2.3. Hybrid Approaches: Combining Retrieval and Generation
The limitations of purely generative and retrieval-based systems have motivated the development of hybrid approaches that combine the strengths of both paradigms. Early attempts, such as REALM and ORQA, introduced retrieval-augmented pre-training to jointly optimize retrieval and generation tasks [3-5]. These models demonstrated the potential of integrating external knowledge into generative models but were limited by their two-stage training pipelines and computational inefficiency.
This paper’s work builds on these advancements by proposing RAG, a framework that seamlessly integrates retrieval and generation in an end-to-end manner. Unlike previous approaches, RAG jointly optimizes the retriever and generator components, allowing the model to dynamically retrieve and utilize relevant knowledge while maintaining the flexibility and fluency of generative models.
3. Methods
In this section, this paper presents the architecture and implementation details of RAG framework, which integrates a retrieval mechanism with a generative model to dynamically access external knowledge and generate contextually appropriate responses. The evaluation focuses on three key aspects:
This paper first assesses the performance of RAG in comparison to purely generative models and traditional retrieval-based systems, aiming to highlight the advantages of combining retrieval and generation capabilities. Then this paper tests the effectiveness of RAG in handling knowledge-intensive tasks, such as open-domain question answering and dialogue generation, to demonstrate its ability to leverage external knowledge for improved accuracy and relevance. Finally, this paper analyzes the key factors that contribute to RAG's performance, including the interaction between the retriever and generator components, to provide insights into the framework's strengths and potential areas for improvement. In this paper, the RAG-Sequence as the RAG method.
3.1. Models
The framework consists of two main components, a retriever that retrieves the most similar paragraph from an external knowledge base and a generator that combines the retrieved paragraph with the question query and generates a fluent response.
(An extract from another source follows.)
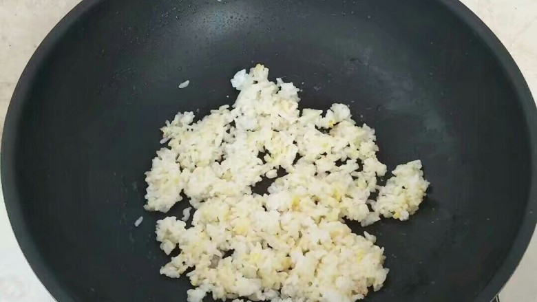 6. 炒锅放入花生油,放入米饭中火翻炒。

For each question query, the model uses the corresponding paragraph to generate the complete sequence. For a given input query \( q \) , the retriever retrieves a set of relevant passages \( P=\lbrace {p_{1}}, {p_{2}}, ⋯, {p_{k}}\rbrace \) from a large-scale knowledge corpus. Then the generator takes the query \( q \) and the retrieved passage \( P \) as input, and generates an output response \( r \) .
The retriever and generator are jointly optimized in an end-to-end manner, allowing the model to learn how to effectively retrieve and utilize external knowledge.
3.2. Retriever: Dense Passage Retrieval (DPR)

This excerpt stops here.